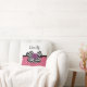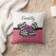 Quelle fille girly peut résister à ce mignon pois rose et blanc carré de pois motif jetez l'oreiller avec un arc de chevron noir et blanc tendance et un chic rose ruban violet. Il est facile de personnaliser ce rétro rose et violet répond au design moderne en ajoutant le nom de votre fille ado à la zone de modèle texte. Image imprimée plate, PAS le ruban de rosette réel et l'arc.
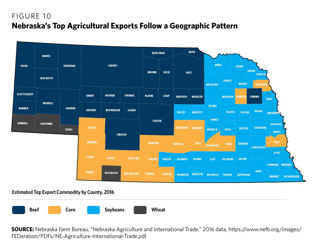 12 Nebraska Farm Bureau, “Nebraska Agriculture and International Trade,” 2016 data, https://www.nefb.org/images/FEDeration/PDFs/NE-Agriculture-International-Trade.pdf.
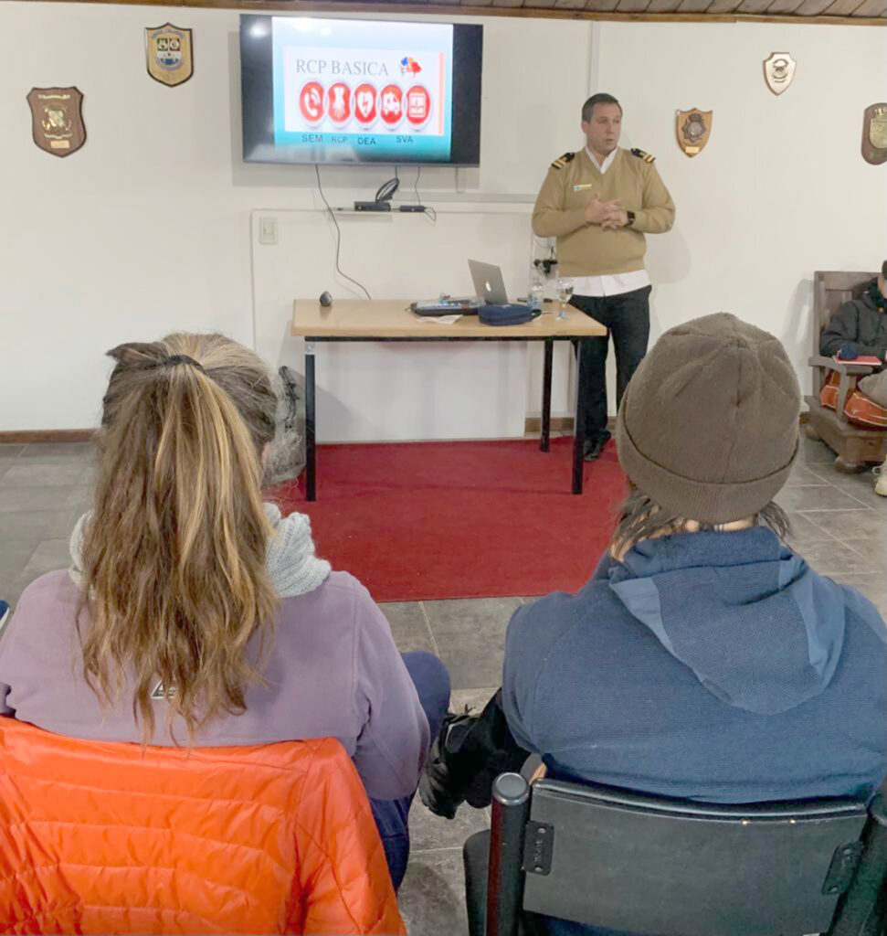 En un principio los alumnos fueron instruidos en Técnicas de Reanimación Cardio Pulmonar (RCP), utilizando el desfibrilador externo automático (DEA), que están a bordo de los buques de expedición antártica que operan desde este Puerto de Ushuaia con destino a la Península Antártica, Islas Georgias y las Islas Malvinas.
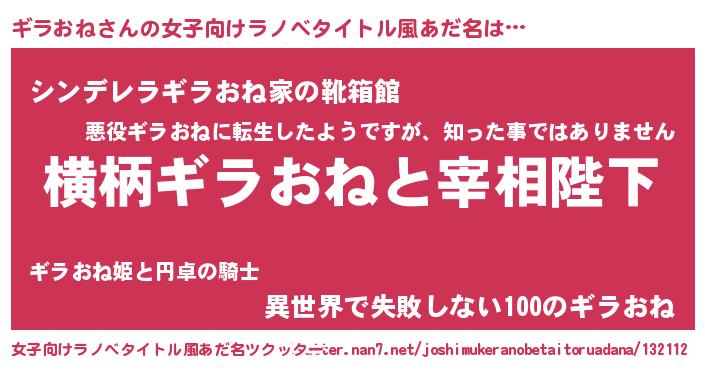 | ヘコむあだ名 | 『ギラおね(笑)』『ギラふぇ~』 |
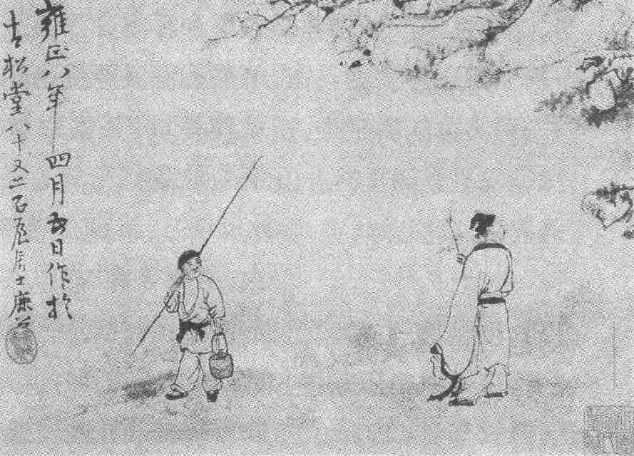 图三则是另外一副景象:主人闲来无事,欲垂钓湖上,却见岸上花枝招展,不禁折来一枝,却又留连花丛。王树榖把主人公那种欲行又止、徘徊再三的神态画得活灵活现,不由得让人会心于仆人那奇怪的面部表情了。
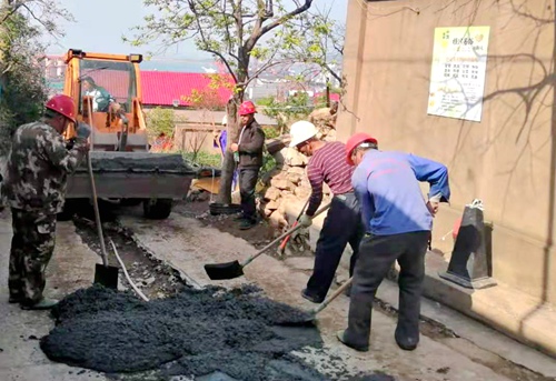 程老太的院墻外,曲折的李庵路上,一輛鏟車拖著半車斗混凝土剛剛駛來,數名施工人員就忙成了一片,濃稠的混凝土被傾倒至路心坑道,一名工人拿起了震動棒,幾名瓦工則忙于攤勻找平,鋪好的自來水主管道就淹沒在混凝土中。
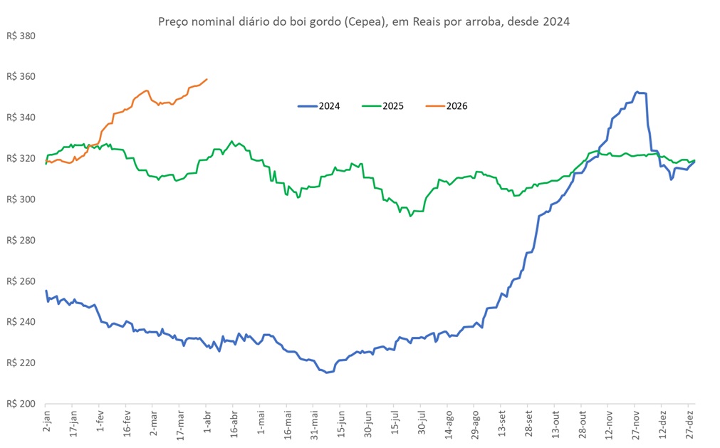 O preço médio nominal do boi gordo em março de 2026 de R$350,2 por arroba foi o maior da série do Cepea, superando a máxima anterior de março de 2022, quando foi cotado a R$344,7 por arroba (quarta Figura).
- - -
**Exercise description**
An exact copy of every entry, minus the pictures, is what you should return.

**Task answer**
 Quelle fille girly peut résister à ce mignon pois rose et blanc carré de pois motif jetez l'oreiller avec un arc de chevron noir et blanc tendance et un chic rose ruban violet. Il est facile de personnaliser ce rétro rose et violet répond au design moderne en ajoutant le nom de votre fille ado à la zone de modèle texte. Image imprimée plate, PAS le ruban de rosette réel et l'arc.
 12 Nebraska Farm Bureau, “Nebraska Agriculture and International Trade,” 2016 data, https://www.nefb.org/images/FEDeration/PDFs/NE-Agriculture-International-Trade.pdf.
 En un principio los alumnos fueron instruidos en Técnicas de Reanimación Cardio Pulmonar (RCP), utilizando el desfibrilador externo automático (DEA), que están a bordo de los buques de expedición antártica que operan desde este Puerto de Ushuaia con destino a la Península Antártica, Islas Georgias y las Islas Malvinas.
 | ヘコむあだ名 | 『ギラおね(笑)』『ギラふぇ~』 |
 图三则是另外一副景象:主人闲来无事,欲垂钓湖上,却见岸上花枝招展,不禁折来一枝,却又留连花丛。王树榖把主人公那种欲行又止、徘徊再三的神态画得活灵活现,不由得让人会心于仆人那奇怪的面部表情了。
 程老太的院墻外,曲折的李庵路上,一輛鏟車拖著半車斗混凝土剛剛駛來,數名施工人員就忙成了一片,濃稠的混凝土被傾倒至路心坑道,一名工人拿起了震動棒,幾名瓦工則忙于攤勻找平,鋪好的自來水主管道就淹沒在混凝土中。
 O preço médio nominal do boi gordo em março de 2026 de R$350,2 por arroba foi o maior da série do Cepea, superando a máxima anterior de março de 2022, quando foi cotado a R$344,7 por arroba (quarta Figura).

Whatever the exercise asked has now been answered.